• Task requirements
Using the entries below, restate word for word only the lines from the one with "Frukost kl 07" to the final line, leaving the pictures out.

• Given records
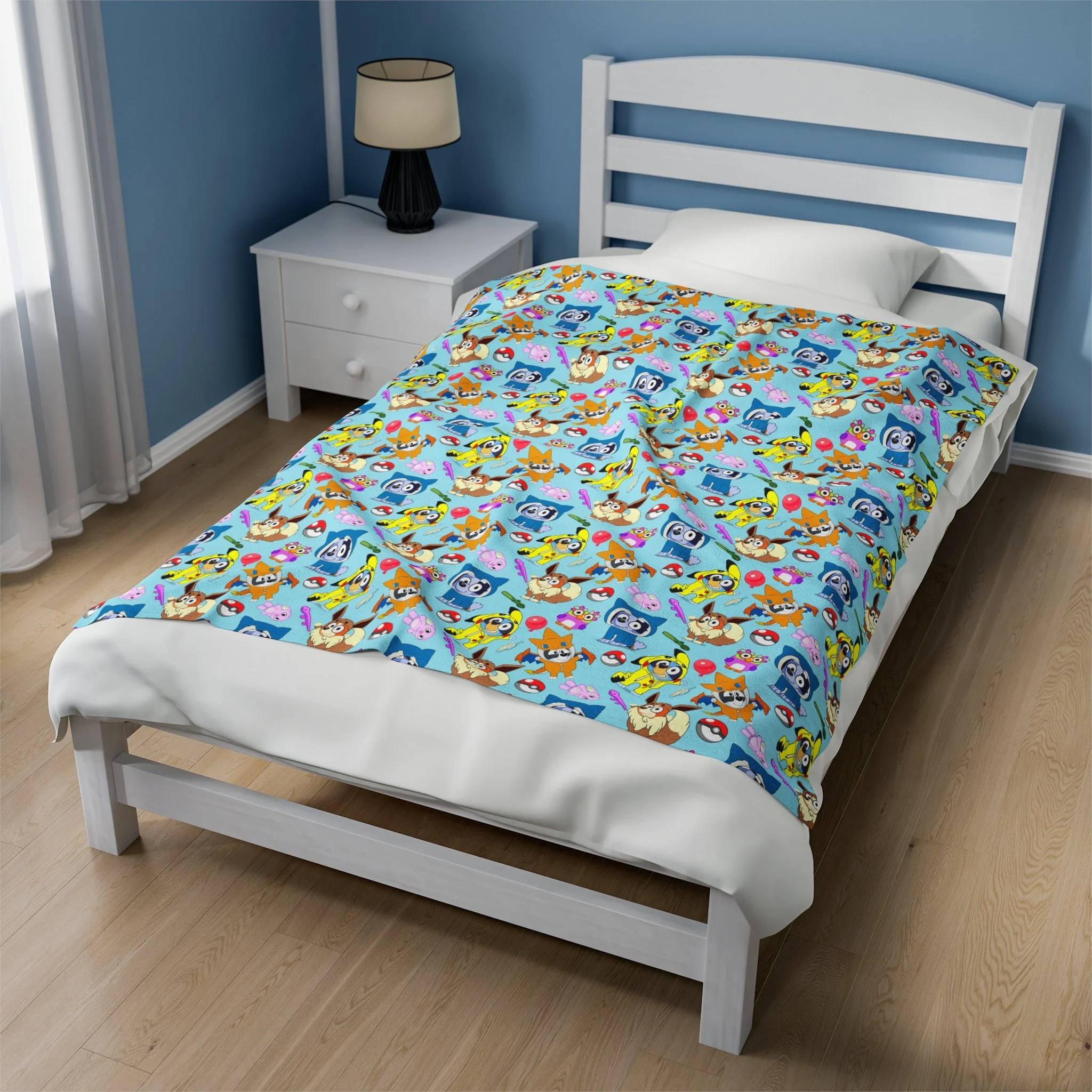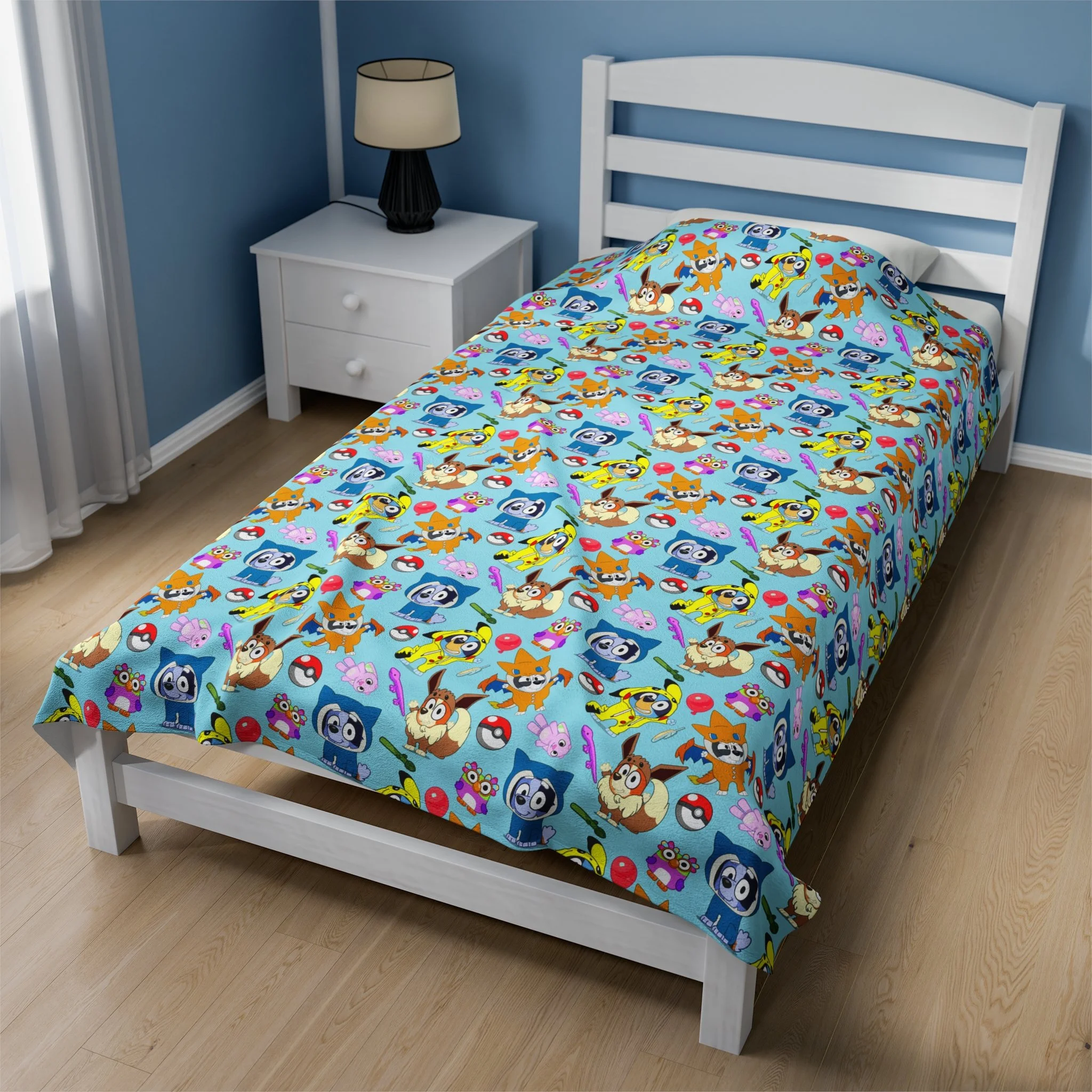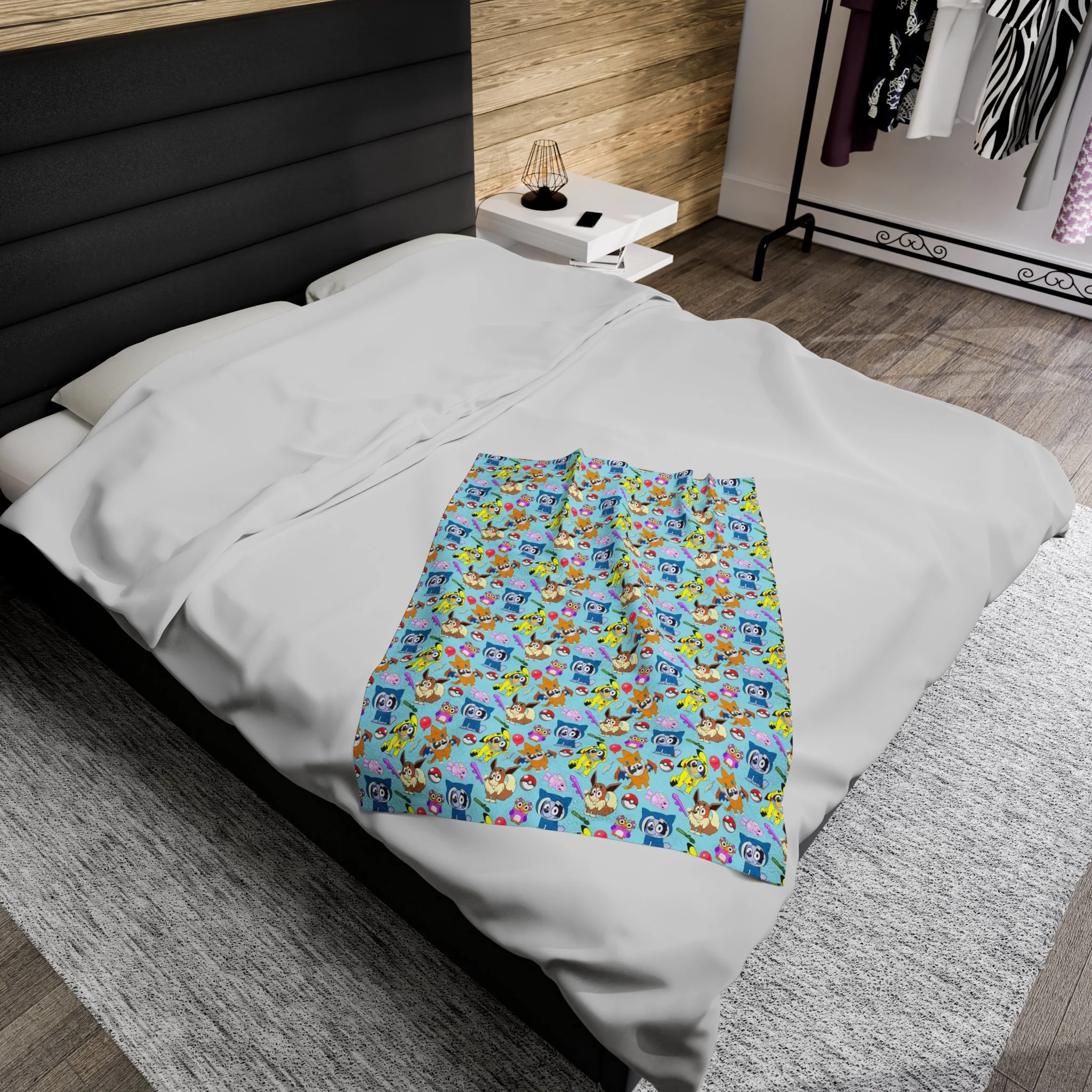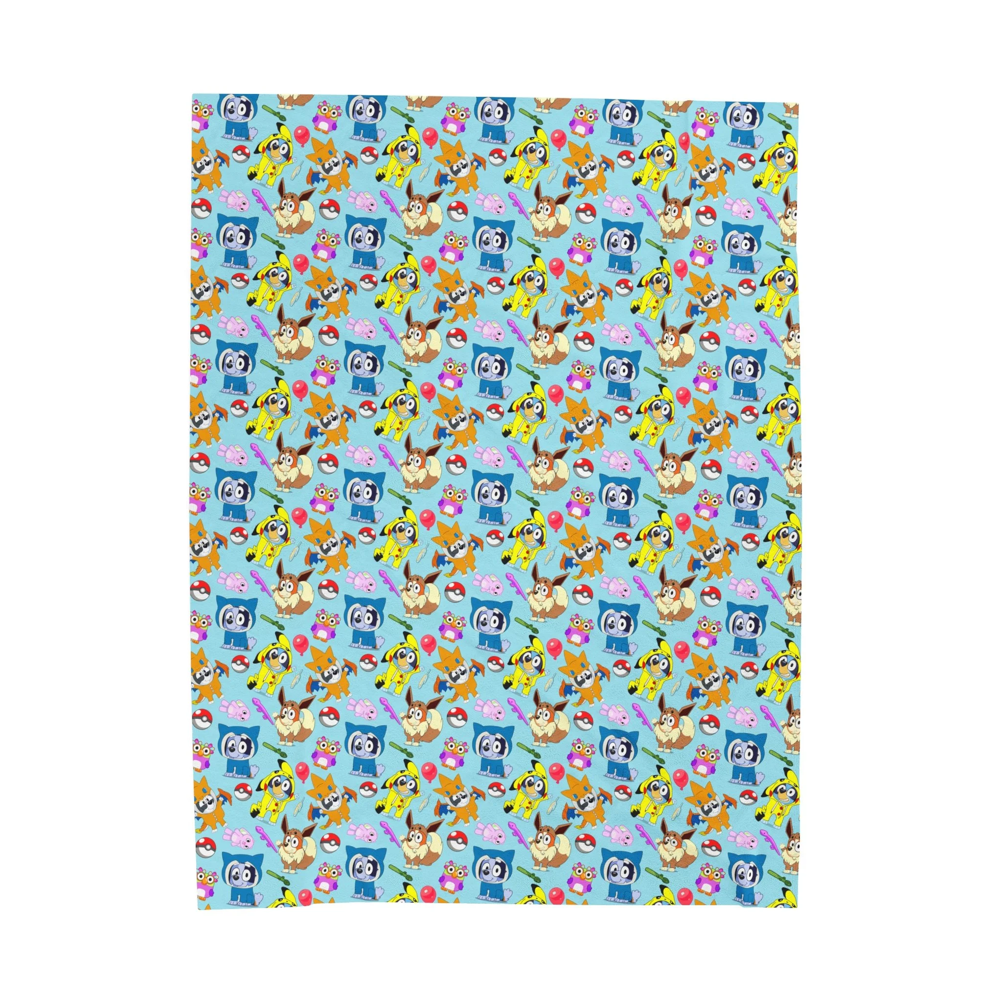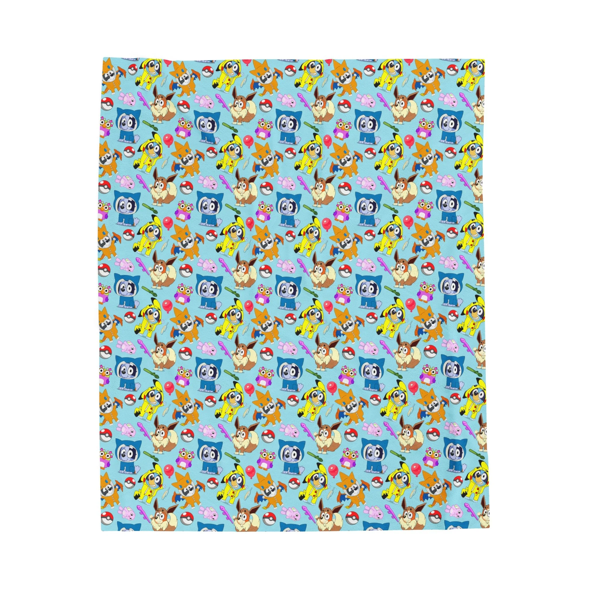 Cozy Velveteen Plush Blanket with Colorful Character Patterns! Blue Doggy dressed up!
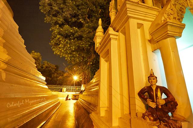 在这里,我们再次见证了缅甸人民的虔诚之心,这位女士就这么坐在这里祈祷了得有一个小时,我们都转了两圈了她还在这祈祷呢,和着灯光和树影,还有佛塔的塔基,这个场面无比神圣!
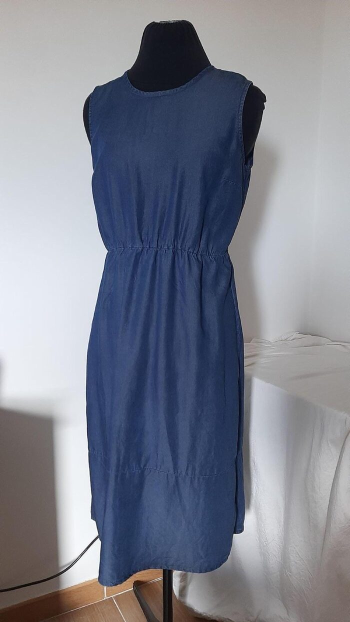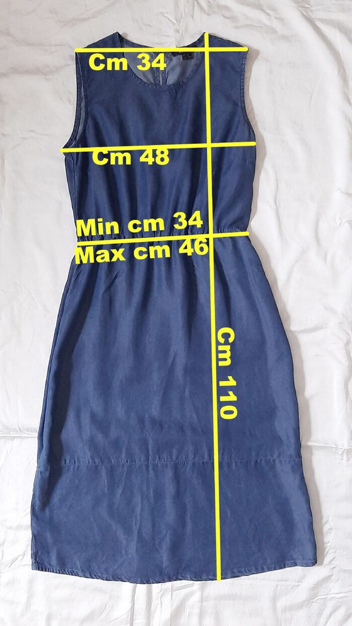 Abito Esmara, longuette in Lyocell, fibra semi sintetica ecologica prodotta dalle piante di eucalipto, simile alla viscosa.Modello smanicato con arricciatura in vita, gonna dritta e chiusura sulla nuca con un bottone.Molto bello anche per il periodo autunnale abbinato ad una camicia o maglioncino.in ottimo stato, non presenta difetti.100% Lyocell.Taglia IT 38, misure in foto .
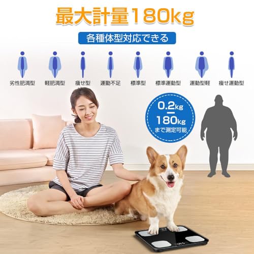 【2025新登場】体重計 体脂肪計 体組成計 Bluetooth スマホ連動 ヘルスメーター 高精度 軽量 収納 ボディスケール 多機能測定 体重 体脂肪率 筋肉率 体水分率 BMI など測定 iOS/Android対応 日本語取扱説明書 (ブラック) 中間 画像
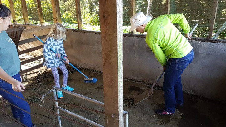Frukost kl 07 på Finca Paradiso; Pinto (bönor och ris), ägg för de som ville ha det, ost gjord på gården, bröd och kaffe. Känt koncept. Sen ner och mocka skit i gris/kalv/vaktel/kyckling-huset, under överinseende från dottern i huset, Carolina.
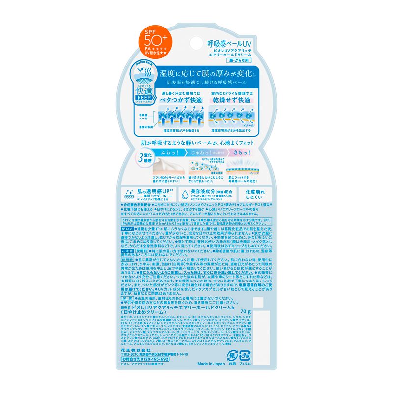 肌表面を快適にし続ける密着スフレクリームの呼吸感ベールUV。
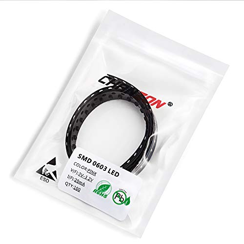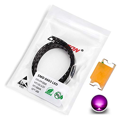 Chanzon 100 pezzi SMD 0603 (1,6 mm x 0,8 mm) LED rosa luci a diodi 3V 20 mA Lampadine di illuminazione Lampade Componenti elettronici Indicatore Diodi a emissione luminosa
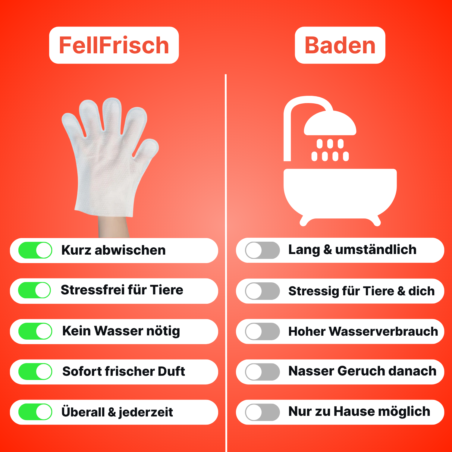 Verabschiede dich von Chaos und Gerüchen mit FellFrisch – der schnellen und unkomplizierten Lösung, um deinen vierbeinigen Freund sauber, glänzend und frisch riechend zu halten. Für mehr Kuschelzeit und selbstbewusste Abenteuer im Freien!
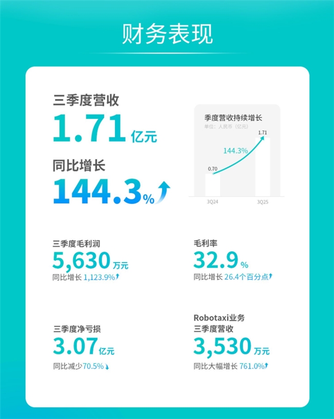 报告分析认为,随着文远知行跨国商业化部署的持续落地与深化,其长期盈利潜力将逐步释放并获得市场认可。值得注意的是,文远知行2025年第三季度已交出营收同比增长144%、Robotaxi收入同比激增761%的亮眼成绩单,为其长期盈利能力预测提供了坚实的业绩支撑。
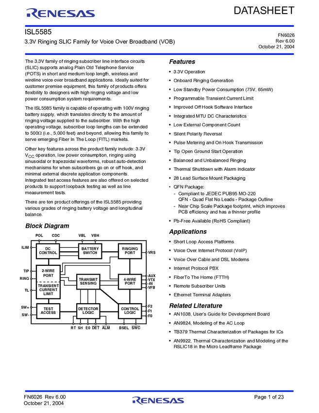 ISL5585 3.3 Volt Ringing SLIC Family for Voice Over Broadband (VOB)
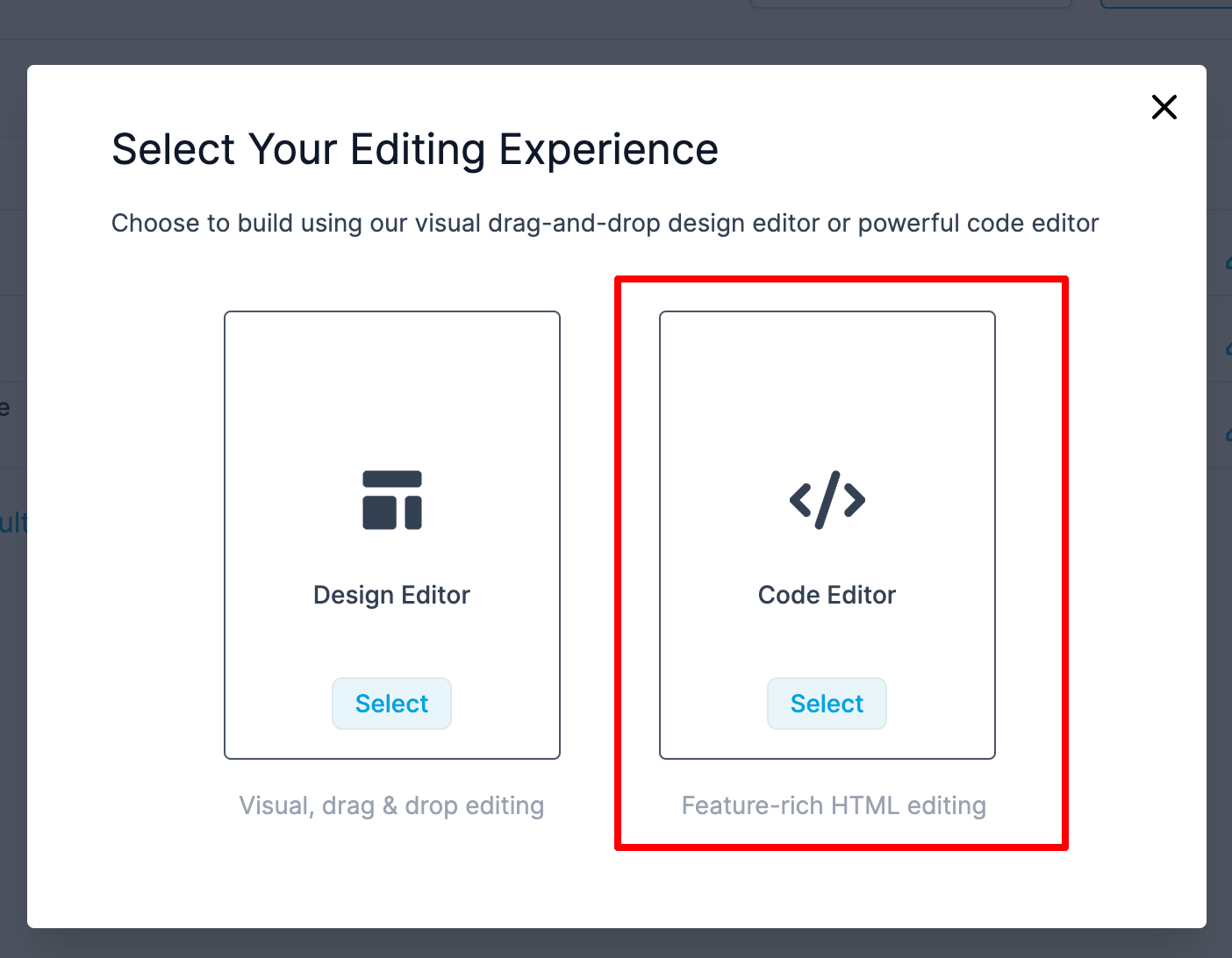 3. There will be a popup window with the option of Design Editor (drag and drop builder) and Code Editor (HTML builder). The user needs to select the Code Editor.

• Reply
Frukost kl 07 på Finca Paradiso; Pinto (bönor och ris), ägg för de som ville ha det, ost gjord på gården, bröd och kaffe. Känt koncept. Sen ner och mocka skit i gris/kalv/vaktel/kyckling-huset, under överinseende från dottern i huset, Carolina.
 肌表面を快適にし続ける密着スフレクリームの呼吸感ベールUV。
 Chanzon 100 pezzi SMD 0603 (1,6 mm x 0,8 mm) LED rosa luci a diodi 3V 20 mA Lampadine di illuminazione Lampade Componenti elettronici Indicatore Diodi a emissione luminosa
 Verabschiede dich von Chaos und Gerüchen mit FellFrisch – der schnellen und unkomplizierten Lösung, um deinen vierbeinigen Freund sauber, glänzend und frisch riechend zu halten. Für mehr Kuschelzeit und selbstbewusste Abenteuer im Freien!
 报告分析认为,随着文远知行跨国商业化部署的持续落地与深化,其长期盈利潜力将逐步释放并获得市场认可。值得注意的是,文远知行2025年第三季度已交出营收同比增长144%、Robotaxi收入同比激增761%的亮眼成绩单,为其长期盈利能力预测提供了坚实的业绩支撑。
 ISL5585 3.3 Volt Ringing SLIC Family for Voice Over Broadband (VOB)
 3. There will be a popup window with the option of Design Editor (drag and drop builder) and Code Editor (HTML builder). The user needs to select the Code Editor.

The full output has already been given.